Editorial: Looking ahead to 2006

Published 4:00 pm Wednesday, January 4, 2006

As it always has been in the West, everything boils down to two things: land and water. One renders the other useful, beautiful, complete. We feel that these two issues will continue to dominate the news in the year to come.

Water will make itself heard in two ways. In Enterprise, the sewage treatment facility is going to be worked on, probably replaced. If you’ll remember from this past summer the amount your water bill went up, you’ll know that funding for the much-needed project is already being collected.

One project that currently has no funding is the Wallowa Lake Dam. No one wants to see the upper end of the valley go dry – we’ve been in the middle of dry-land farming, and it’s no picnic. Concerned water users – and all residents – need to forget looking to the federal government for a handout and develop another, long-range financing plan for this vital project. To do that, close cooperation, like that of those involved with the successful Lostine exchange project, will be needed.

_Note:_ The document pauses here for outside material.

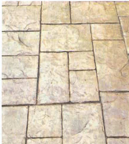
ASHLAR CUT SLATE FM-3125

In regard to land and its use, Measure 37’s passage and inevitable defeat in the Oregon Supreme Court shows that we desire land use reform, but still have a ways to go to get to a fair solution. Oregonians have to remember how to compromise to make this happen. While having a distant, unrepresentative government plan out your life on your land smacks of communism, arbitrarily imposing one’s will upon others from a position of unequal power borders on the fascist. For our future’s sake, we must meet in the middle.

Locally, defining development and the path of growth in terms of business and housing must have community input. No one wants someone else digging up their backyard, and by extension, altering the face of the community in the Wallowa Valley without a say so.